— Work instruction —
Would you return exactly the lines below from the line with "I was somewhere" through the line with "Mexico kiểm tra", both included, and nothing else, leaving out the pictures?

— Material for the task —
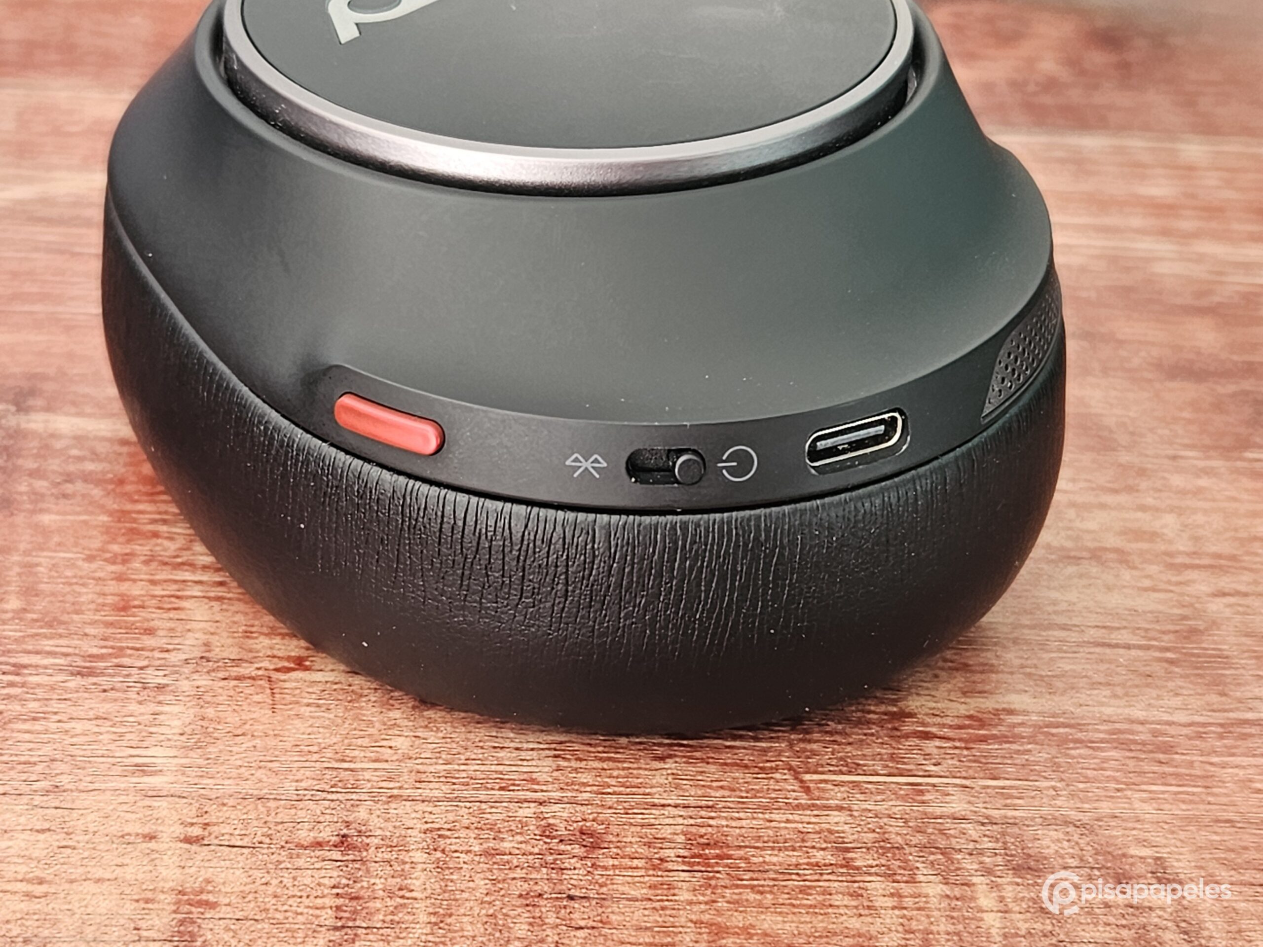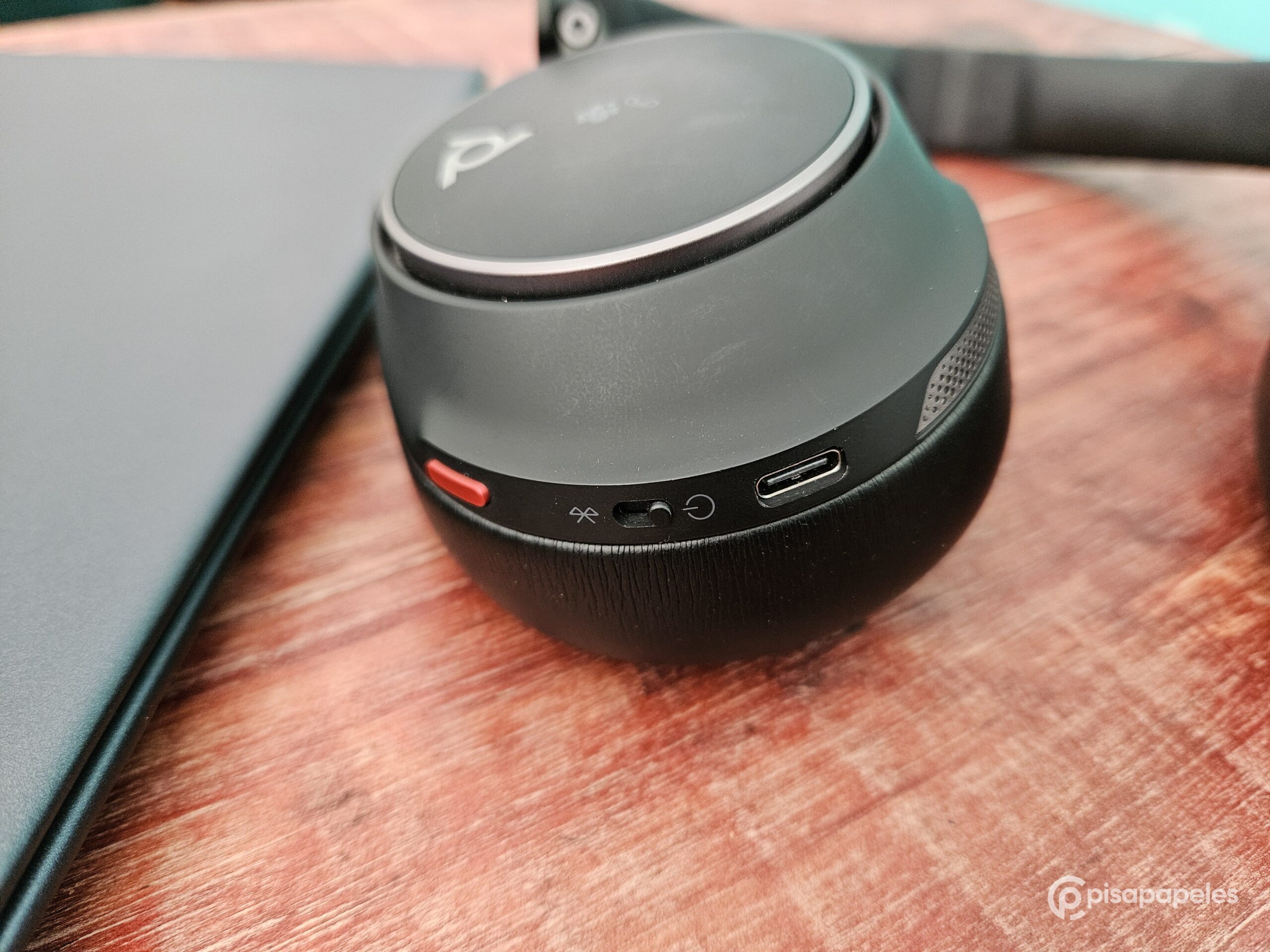 En el audífono derecho se encuentran los botones físicos: un interruptor de encendido/Bluetooth y el botón multifunción de color rojo junto con el puerto de carga USB-C. También se encuentra una interfaz táctil en el audífono derecho, donde puedes ajustar el volumen, adelantar a la siguiente canción o contestar llamadas. También hay una forma de configurar una acción personalizada en la aplicación Poly Lens para los controles táctiles.
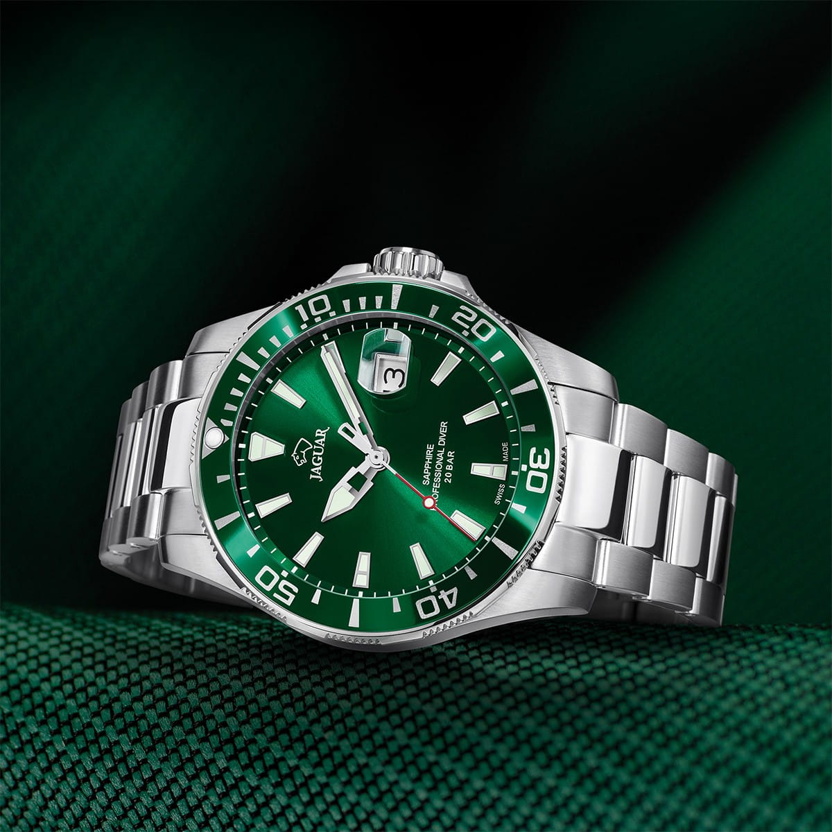 Мужские швейцарские часы Jaguar Executive Diver J860/B. Кварцевый швейцарский калибр Ronda 6003D. Сапфировое стеклоСапфировое стеклоПрочный и надёжный материал из кристалла сапфира синтетического происхождения, характеризующийся особой твёрдостью и устойчивостью к царапинам и повреждениям. устойчивое к мелким механическим повреждениям. Корпус и браслет часов изготовлены из нержавеющей стали. Стрелки и метки с люминесцентным покрытиемЛюминесцентное покрытиеПозволяет считывать показания времени в темноте. Производители наносят на стрелки, часовые индексы, безель или поверхность циферблата светонакопительный состав, дающий холодное свечение.. Окошко даты находится в положении 3 часа. Класс водозащиты: 200 метров, позволит плавать, нырять и заниматься другими водными видами спорта. Стальной браслет на раскладной застёжкеРаскладная застёжкаТакой тип застёжки используется только на браслетах из металла. Она никогда не раскрывается полностью, происходит разделение на 2 и более частей. Раскладывающая застёжка снизит вероятность потери часов к минимуму.. БезельБезельВнешний ободок, закрепляющий стекло. В спортивных часах так называется поворотное кольцо с делениями на циферблате, выполняет роль таймера – замеряет отрезки времени на шкале. Неподвижный безель – элемент декора. Однонаправленно вращающийся безель на дайверских часах позволяет фиксировать моменты погружения и выныривания на поверхность. с PVD-покрытиемPVDУльтратонкое покрытие наносится в технике вакуумного напыления, сочетает в себе нитрид титана особой прочности со слоем золота или оксида хрома. Несёт в себе декоративную или защитную функцию..
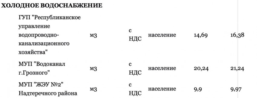 Вот тарифы из Чечни, левая колонка нынешние цены с 01.01.2015, правая колонка новые тарифы с 01.07.2015
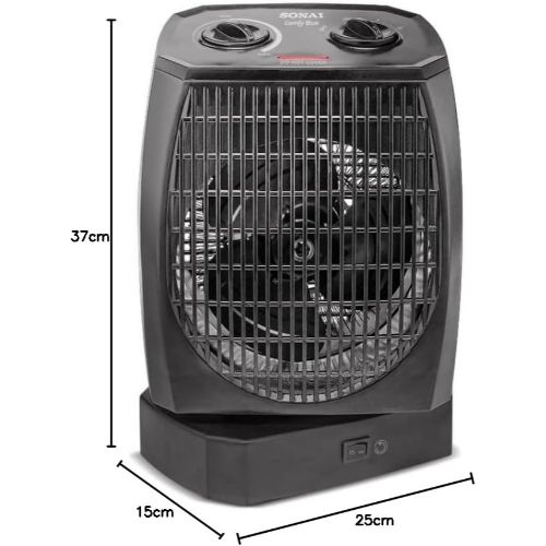 دفاية مروحة سوناي كومفي بلو MAR-910 بقدرة 2000 وات، تصميم أنيق باللون الأسود مع 3 مستويات حرارة وخاصية الدوران لتوزيع مثالي للحرارة وأمان كامل أثناء الاستخدام.
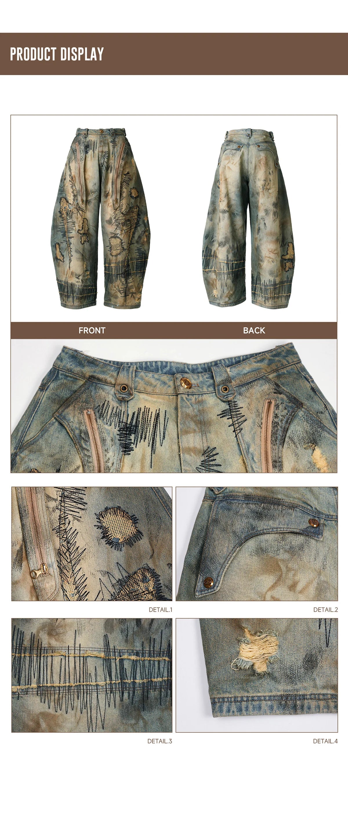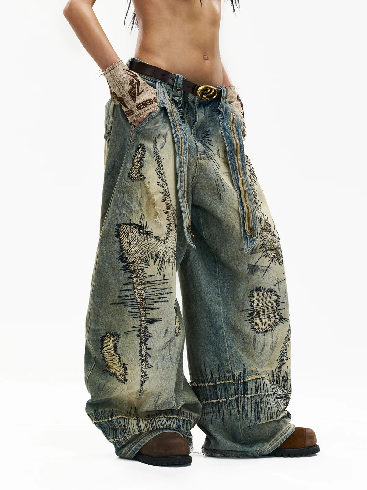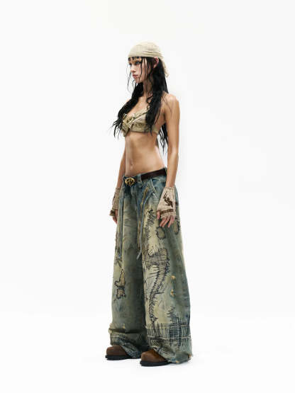 Personsoul Stain Embroidery Curved Jeans
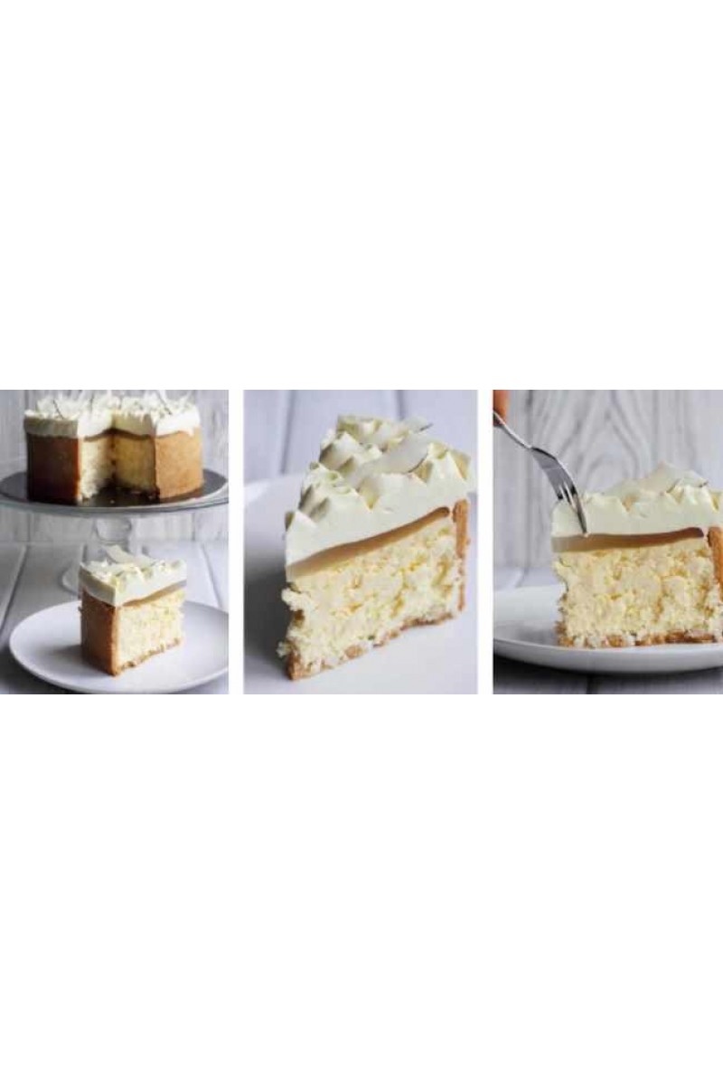 Хрустящая песочная основа с добавлением кокосовой муки и масла, сырный слой со вкусом кокоса, кокосовый мармелад и взбитый ганаш на белом шоколаде с добавлением рома «Малибу».
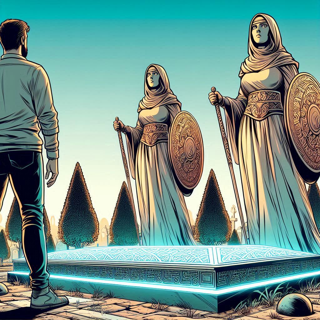 I was somewhere on earth as I could see the sky. It was a very beautiful, clear blue sky. I found myself standing in front of a grave on the side of a palace. On the grave was a rectangular carved stone and on the sides of the grave there were two statues of two warrior women, each carrying a shield in one hand and a short sword in the other. Behind these statues were a few medium sized trees perfectly cut and inline behind each statue and the grave was in the middle,
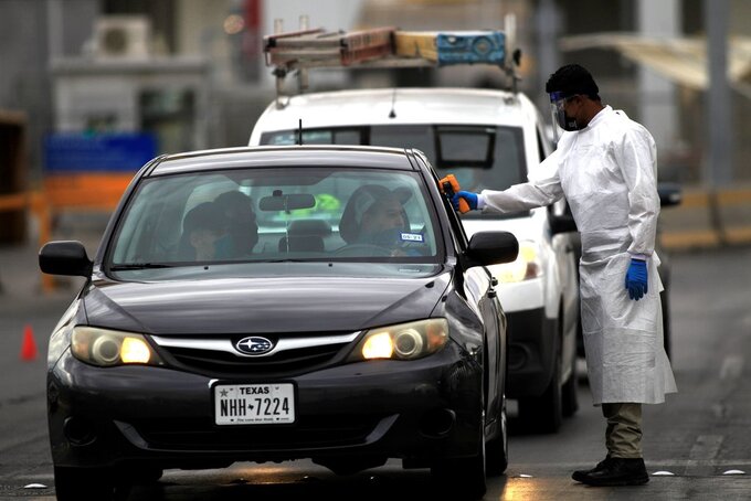 Mexico kiểm tra nhiệt độ đối với những người ngồi trên các phương tiện giao thông đến từ Mỹ vào ngày 12/7. Ảnh: Luis Torres/EPA.
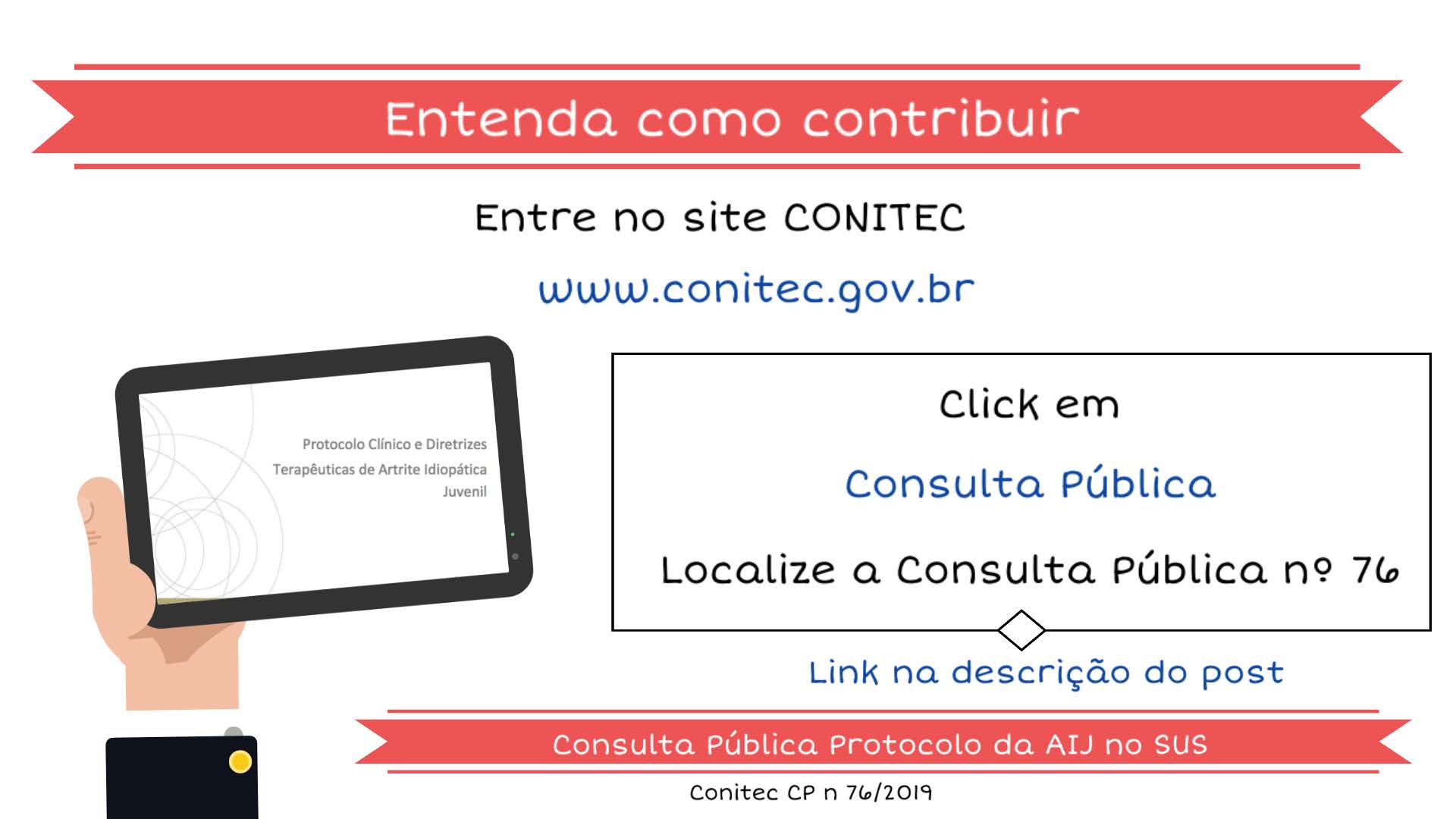 Ministério da Saúde solicita por meio da Consulta Pública Conitec/SCTIE Nº 76/2019, a aprovação da proposta de inclusão no SUS do protocolo de tratamento da Artrite Idiopática Juvenil, o prazo para contribuições encerra-se em 8 de janeiro de 2020
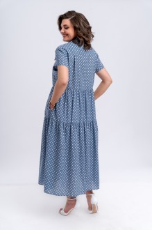 Платье женское прямого силуэта, расклешенное к низу. Платье отрезное по линии талии. Нижняя часть платья состоит из двух частей, собранных на сборку. В верхней части переда расположены нагрудные вытачки и горизонтальная кокетка, в шве притачивания которой расположены клапаны в виде бантиков. В верхней части спинки расположена горизонтальная кокетка, в шве притачивания которой расположены односторонние складки. Воротник – стояче-отложной с отрезной стойкой. Рукав втачной, короткий. Застежка платья выполнена в виде притачной планки по переду, которая застегивается на петли-пуговицы. В боковых швах расположены карманы. Нижняя часть платья на подкладке. Платье очень женственное, удобное, не сковывает движения, может подойти на все случаи в жизни, как для вечерних прогулок по городу, так и для работы.
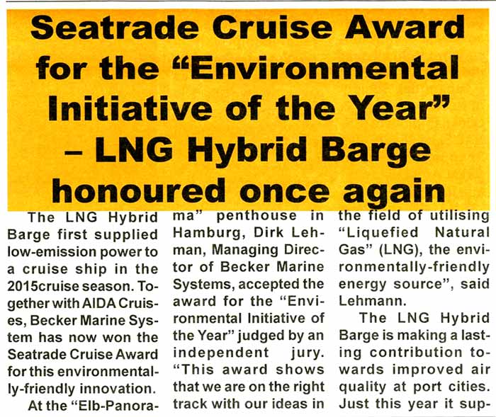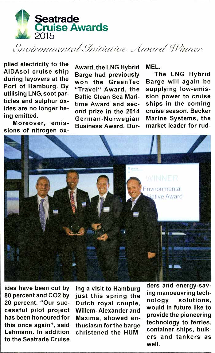 Marine & industrial Report, September/October 2015, "Seatrade Cruise Award for (...) LNG Hybrid Barge"

— Result below —
 I was somewhere on earth as I could see the sky. It was a very beautiful, clear blue sky. I found myself standing in front of a grave on the side of a palace. On the grave was a rectangular carved stone and on the sides of the grave there were two statues of two warrior women, each carrying a shield in one hand and a short sword in the other. Behind these statues were a few medium sized trees perfectly cut and inline behind each statue and the grave was in the middle,
 Mexico kiểm tra nhiệt độ đối với những người ngồi trên các phương tiện giao thông đến từ Mỹ vào ngày 12/7. Ảnh: Luis Torres/EPA.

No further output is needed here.